I have an elementary doubt, Sorry for disturbing you all. I have a statement of this sort. $r^2-1=p^a(f(p))=(r+1)(r-1). \tag{1}$ Where $r$ is an even number, and $p$ is an odd prime. $f(p)$ is a degree $n$ polynomial in $p$ with integer coefficients ( Courtesy : André Nicolas ) , $a \in \mathbb{Z}$ is a variable $>0$.
Now from the statement $(1)$ can we infer that $p^a \mid (r+1)(r-1)$ ?.
If so, $p$ being a prime, can't divide both of them (from Euclid's theorem ) . So $p^a$ divides either $(r+1)$ or $(r-1)$.
So then can we conclude that $r=kp^a \pm 1 $ for some $k>0 $?.
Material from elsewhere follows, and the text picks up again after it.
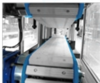
Profile Caterpillar Haul-off 履帶式引取機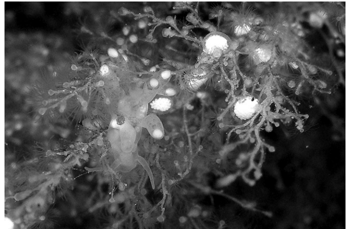
Fig. 2. Egg masses of the nudibranch Tergipes tergipes attached to hydroids ( Obelia spec.).

Baster had no idea to which species this spawn belonged, but his acquaintance Leendert Bomme stated in an unpublished manuscript that the egg mass drawn by Baster belonged to a sea slug (Bomme, 1769). In fact, there is no doubt about Bomme's assumption that these egg masses that frequently occur, belong to nudibranchs (M. Faasse, G. van Moorsel, pers. comm.). Nudibranchs that lay small compact egg masses along the Dutch coast belong to Tergipedidae or Eubranichidae (Swennen & Dekker, 1987; van Bragt, 2004). Based on the frequency and the radial symmetry of the egg mass, Tergipes tergipes (Forskål, 1775) is the most probable species to have spawned these eggs (Fig. 2).

I told the same thing with some professor, and he is saying that it is false, and we can't write $[\ r^2-1=p^a(f(p))=(r+1)(r-1) \ ]\implies r=kp^a \pm 1.$ He gave me a counter example , which is $8\cdot6=48=2^4\cdot3$. He is now saying that my statement is like saying either $8 \text{ or } 6 $ divides $3$ which is utterly false.
So my learned elders in this community, please judge who is correct , me or the professor ?.
In any of the case, please do provide some good explanation.
Thank you.